Patients who research 750cc breast implants are usually not looking for a subtle adjustment. They want fullness that's obvious in clothing, obvious in photos, and obvious to them when they look in the mirror. That goal is valid. But with a size this large, the central issue isn't only appearance. It's whether the appearance will hold up well as your skin, breast tissue, and support structures age.
That question matters because large implants ask more of the body. Your skin has to stretch. Your lower breast has to carry more load. Your chest dimensions have to accommodate not just the volume, but the width and projection of the implant. A result can look impressive early on and still become difficult to maintain if the tissues were pushed beyond what they can support comfortably.
What patients often need most is not a bigger implant, but a clearer picture of what “bigger” means on their own frame.

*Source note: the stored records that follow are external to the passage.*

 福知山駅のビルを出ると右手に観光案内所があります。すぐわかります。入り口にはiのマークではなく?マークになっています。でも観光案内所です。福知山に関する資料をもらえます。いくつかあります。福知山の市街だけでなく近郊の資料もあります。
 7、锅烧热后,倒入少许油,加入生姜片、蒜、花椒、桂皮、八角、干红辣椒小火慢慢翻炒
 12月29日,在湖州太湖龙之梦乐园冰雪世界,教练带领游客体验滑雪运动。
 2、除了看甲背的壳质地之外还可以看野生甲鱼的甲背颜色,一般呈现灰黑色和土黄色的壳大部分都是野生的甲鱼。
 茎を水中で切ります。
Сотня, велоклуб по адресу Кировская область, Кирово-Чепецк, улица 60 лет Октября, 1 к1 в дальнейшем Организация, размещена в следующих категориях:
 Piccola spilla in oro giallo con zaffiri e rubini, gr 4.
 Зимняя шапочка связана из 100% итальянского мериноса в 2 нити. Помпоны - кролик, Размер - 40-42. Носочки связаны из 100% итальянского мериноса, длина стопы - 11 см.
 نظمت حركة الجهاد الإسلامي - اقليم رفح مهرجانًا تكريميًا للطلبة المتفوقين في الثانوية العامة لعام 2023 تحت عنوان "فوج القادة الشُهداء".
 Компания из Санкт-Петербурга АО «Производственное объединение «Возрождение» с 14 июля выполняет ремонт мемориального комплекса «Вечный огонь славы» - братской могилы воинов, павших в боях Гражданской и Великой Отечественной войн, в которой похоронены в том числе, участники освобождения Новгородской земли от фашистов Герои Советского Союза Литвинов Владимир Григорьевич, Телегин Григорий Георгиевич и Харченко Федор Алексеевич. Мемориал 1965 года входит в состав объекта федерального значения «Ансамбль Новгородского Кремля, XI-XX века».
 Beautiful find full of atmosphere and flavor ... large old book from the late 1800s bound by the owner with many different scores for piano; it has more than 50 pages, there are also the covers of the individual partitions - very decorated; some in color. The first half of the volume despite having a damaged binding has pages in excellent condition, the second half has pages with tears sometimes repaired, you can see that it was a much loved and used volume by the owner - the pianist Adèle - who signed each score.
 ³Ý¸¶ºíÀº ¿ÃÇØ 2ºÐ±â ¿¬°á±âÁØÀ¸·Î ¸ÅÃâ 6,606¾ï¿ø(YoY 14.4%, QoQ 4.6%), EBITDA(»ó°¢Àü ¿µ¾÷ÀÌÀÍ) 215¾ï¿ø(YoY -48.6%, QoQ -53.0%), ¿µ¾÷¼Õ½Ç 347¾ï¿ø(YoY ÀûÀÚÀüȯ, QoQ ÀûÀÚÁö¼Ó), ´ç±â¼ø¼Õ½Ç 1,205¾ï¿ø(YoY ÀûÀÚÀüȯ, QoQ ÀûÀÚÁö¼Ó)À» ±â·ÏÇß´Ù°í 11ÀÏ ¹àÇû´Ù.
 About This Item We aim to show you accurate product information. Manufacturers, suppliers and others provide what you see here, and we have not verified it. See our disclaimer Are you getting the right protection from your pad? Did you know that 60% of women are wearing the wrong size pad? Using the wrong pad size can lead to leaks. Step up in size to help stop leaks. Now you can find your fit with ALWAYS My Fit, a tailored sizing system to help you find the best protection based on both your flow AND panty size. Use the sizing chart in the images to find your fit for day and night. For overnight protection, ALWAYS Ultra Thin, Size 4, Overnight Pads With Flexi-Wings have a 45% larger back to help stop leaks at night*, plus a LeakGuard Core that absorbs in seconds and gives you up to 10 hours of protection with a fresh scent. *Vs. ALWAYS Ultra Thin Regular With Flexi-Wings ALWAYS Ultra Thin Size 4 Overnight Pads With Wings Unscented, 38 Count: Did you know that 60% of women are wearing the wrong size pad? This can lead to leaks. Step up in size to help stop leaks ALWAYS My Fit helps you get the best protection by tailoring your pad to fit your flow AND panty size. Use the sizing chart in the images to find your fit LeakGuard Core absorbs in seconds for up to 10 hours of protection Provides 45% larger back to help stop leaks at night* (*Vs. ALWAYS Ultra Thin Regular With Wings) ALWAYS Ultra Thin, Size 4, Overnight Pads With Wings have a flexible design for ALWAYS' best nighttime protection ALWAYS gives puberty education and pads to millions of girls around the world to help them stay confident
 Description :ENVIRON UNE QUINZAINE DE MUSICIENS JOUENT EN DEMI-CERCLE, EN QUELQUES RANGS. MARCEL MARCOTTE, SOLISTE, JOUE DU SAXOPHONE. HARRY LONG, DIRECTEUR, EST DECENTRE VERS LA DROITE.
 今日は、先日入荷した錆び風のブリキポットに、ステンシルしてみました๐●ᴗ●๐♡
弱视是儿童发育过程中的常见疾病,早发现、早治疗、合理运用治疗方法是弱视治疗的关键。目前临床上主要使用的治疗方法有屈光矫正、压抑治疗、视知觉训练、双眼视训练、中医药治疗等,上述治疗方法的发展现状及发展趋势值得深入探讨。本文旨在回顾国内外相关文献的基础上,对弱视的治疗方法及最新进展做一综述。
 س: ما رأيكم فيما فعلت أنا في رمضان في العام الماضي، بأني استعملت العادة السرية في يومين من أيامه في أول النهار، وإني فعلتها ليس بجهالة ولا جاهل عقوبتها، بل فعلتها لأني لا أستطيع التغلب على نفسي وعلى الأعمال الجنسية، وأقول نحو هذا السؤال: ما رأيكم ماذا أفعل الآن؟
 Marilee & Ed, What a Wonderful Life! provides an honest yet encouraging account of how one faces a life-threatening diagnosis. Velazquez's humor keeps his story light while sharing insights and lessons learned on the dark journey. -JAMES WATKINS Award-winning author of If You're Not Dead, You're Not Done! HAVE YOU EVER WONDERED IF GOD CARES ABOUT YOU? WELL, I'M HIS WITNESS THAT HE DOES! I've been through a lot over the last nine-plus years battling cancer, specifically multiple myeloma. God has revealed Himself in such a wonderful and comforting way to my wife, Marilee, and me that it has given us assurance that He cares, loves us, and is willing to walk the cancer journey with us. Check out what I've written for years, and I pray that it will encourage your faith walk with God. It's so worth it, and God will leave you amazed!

A careful consultation should slow the process down. It should address your goals, but it should also look ahead. If you're considering 750cc, the essential conversation isn't “Can this be placed?” It's “Will this choice still feel balanced, comfortable, and attractive later?”
The term cc stands for cubic centimeters, which is a measure of volume. In breast augmentation, surgeons use cc because bra cup sizes are inconsistent. A cup size changes between brands, band sizes, and body types. Volume is more precise.
With 750cc breast implants, the number tells you one important thing right away. This is not a middle-of-the-road implant. It is a large-volume implant choice.
One independent review notes that 750cc sits at the very upper end of commonly available implant volumes, with the largest standard saline implant at 775 cc and a silicone gel implant reaching 800 cc. The same review says implants in the 700+ cc range are commonly associated with an increase of 3+ cup sizes, which is why 750cc is generally considered a dramatic change rather than a modest one (breast implant statistics review).
That single fact clears up a lot of confusion. If you've been wondering whether 750cc is “kind of big” or “very big,” the answer is simple. It's very big by standard augmentation sizing.
Volume matters, but it doesn't predict your final look by itself. A 750cc implant may appear striking on one patient and merely proportionate on another, depending on height, chest width, existing breast tissue, and skin tone.
Here's a simple way to consider the matter:
If you want to understand how manufacturers and surgeons think about size ranges, a Mentor implant sizes chart can help translate the number into a more practical comparison.
Practical rule: 750cc is best understood as a large-volume category, not a guaranteed cup size.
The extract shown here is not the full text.